Repairing a Failed AWS EC2 Windows Instance -- Virtualization Review

How-To

Repairing a Failed AWS EC2 Windows Instance

Although EC2 is normally a reliable platform for hosting virtual machine instances, things can and sometimes do go wrong, and here Brien Posey explains how to fix problems with an instance's boot volume.

By Brien Posey
01/14/2020

Although EC2 is normally a reliable platform for hosting virtual machine instances, things can and sometimes do go wrong. Occasionally for example, an instance's EBS volume may fall into an inconsistent state. If this happens to a data volume, then there are any number of tools that can be used to fix the problem.

In this blog post, I want to show you one possible solution for fixing such a problem. For the purposes of this discussion, I am going to be focusing on Windows instances, but you can use a somewhat similar technique to fix problems with Linux instances.

If you look at Figure 1, you can see that I have created two different Windows instances. Both of these instances are actually healthy, but for the sake of demonstration I named one instance Healthy and the other Unhealthy. We will pretend that there is a problem with the Unhealthy instance.

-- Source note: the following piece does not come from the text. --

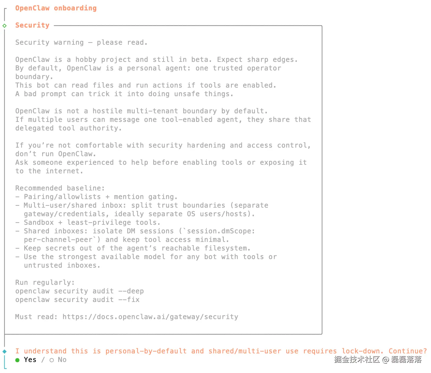 首先,OpenClaw 会弹出安全警告。选择 Yes 确认已知晓后方可进入下一步。

**[Click on image for larger view.]** *Figure 1: We will use one of these instances to fix a problem with the other.*

Before I get started, I need to tell you something really important. The screen captures shown in this article series show me detaching the boot disk from one instance, attaching it to another instance, and then using that secondary instance to do the repair. The reason why I am using the boot disk is just for the sake of simplicity. I wanted to avoid the confusion of having a lot of volumes to work with. In the real world though, the technique that I am about to show you should only be used on data volumes, not boot volumes. Performing this procedure on a boot volume will likely leave the instance in an unbootable state. It is also worth noting that this procedure assumes that the corrupt volume is a basic, unencrypted NTFS volume.

So having said that, let's assume that the "unhealthy" instance has a storage consistency problem. The first thing that we would need to do is to shut down the instance if it is still running.

The next step in the process is to figure out which EBS volume the unhealthy instance is using. One way of doing this is to go to the Elastic Block Store Volumes tab, and then look at the Attachment Information for the existing volumes. As you can see in Figure 2, the Attachment Information column lists the name of the instance that is attached to each EBS volume (although you may have to expand the column to see the instance name).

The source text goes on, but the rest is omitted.